Пока я бродил туда-сюда, пока собирал подстреленных уток, грянул еще один снежный заряд, за ним другой, и потом, с короткими перерывами, несло, тащило тяжелые тучи, хлестало снегом и дождем, на какие-то минуты выпутывалось из лохмотьев туч очумелое солнце, болезненно ярко выплескивалось оно в прорехи поседело клубящихся по краям туч, и тут же его заслоняло, запихивало, укутывало в грозное, черной сажей покрытое небо, и тогда накатывала темень, вместе с нею ошарашенность и недоумение, да полно, были ли они — небо, солнце, свет?!
Вместе с низкими тучами, с клубами снега и полосами хлещущего дождя, над самой водой и берегом шла утка — табун за табуном, стая за стаей, — вот повалила и северная утка, на убой крепкая. Прямо от кисло тлеющего костерка, без всякого уже азарта, вяло выстрелил я еще несколько раз и решил посчитать патроны — их осталось восемь штук. Место глухое, я один, надо и опомниться, поберечься, ведь совсем недавно, года два назад, со мной случилась беда, и спасла меня тогда тоже охота и ружье, еще то ружье, «тулка» крестного.

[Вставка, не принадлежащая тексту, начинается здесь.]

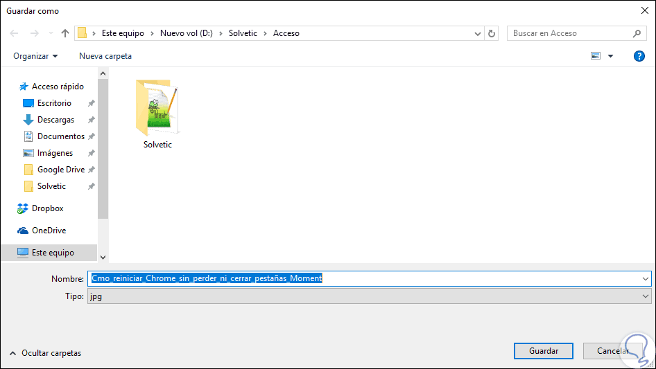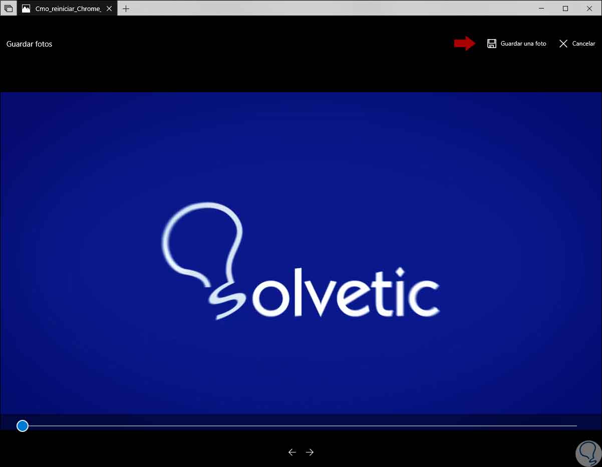 En la parte inferior de la ventana podemos ver los botones "Marco anterior" y "Marco siguiente" los cuales nos permiten seleccionar un cuadro específico del archivo de vídeo y una vez definido pulsamos en el botón “Guardar una foto” ubicado en la parte superior. Al pulsar allí veremos que dicha foto será guardada con la extensión .jpg:
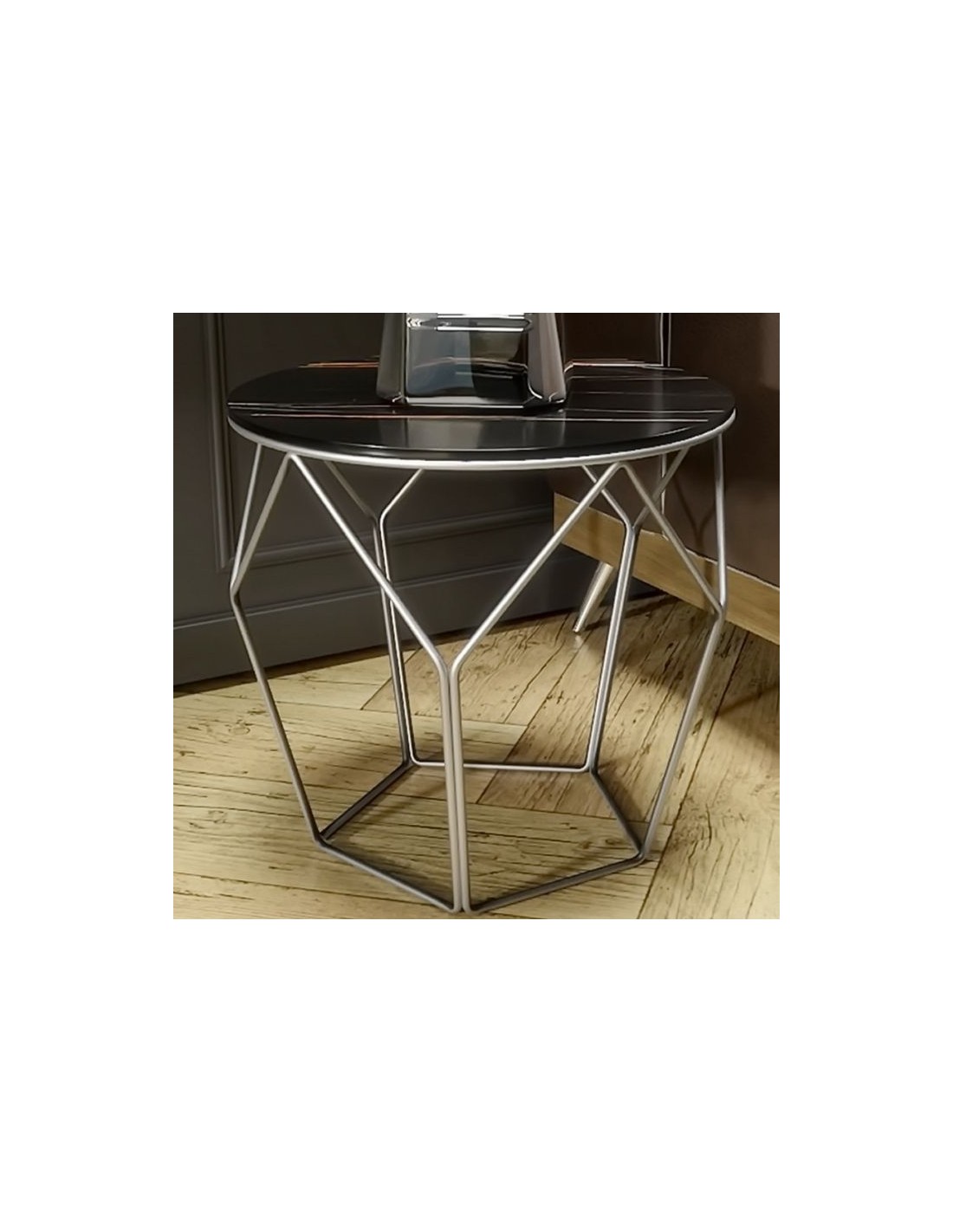 Ιδιαίτερο ροτοντάκι σαλονιού με μέταλλο στη βάση και κεραμική επιφάνεια ή ξύλο ευκαλύπτου στο καπάκι.

Нежданно-негаданно, в мирные дни, в спокойные годы, которые, может быть, и были где-то спокойны, только не в промышленно-перенаселенном Урале, не в Сибири, не на Дальнем Востоке, получил я самый большой гонорар за газетные труды — нож в спину. Проникающее ранение легкого вызвало тяжкую эмфизему, и я отдавал уже Богу душу, но мой дружок по рыбалке, местный доктор, да и жена моя совсем еще молодая; двое детишек детсадовского возраста не захотели никуда меня, только что выпустившего свою первую книжку, отпускать, да и я был еще крепок духом, горел желанием осчастливить мир своим пером, не пожелал сдаваться смерти и, как только чуть мне полегчало, собрался в лес. Жена со слезами и отчаянием умоляла меня никуда не ходить, уверяя, что совсем еще, совсем я слаб, да и лекари не велели перетруждаться. И тогда я сказал жене, из-за меня вечно страдающей, что если не смогу подняться в гору — вернусь и уж больше никогда и никуда с ружьем не пойду.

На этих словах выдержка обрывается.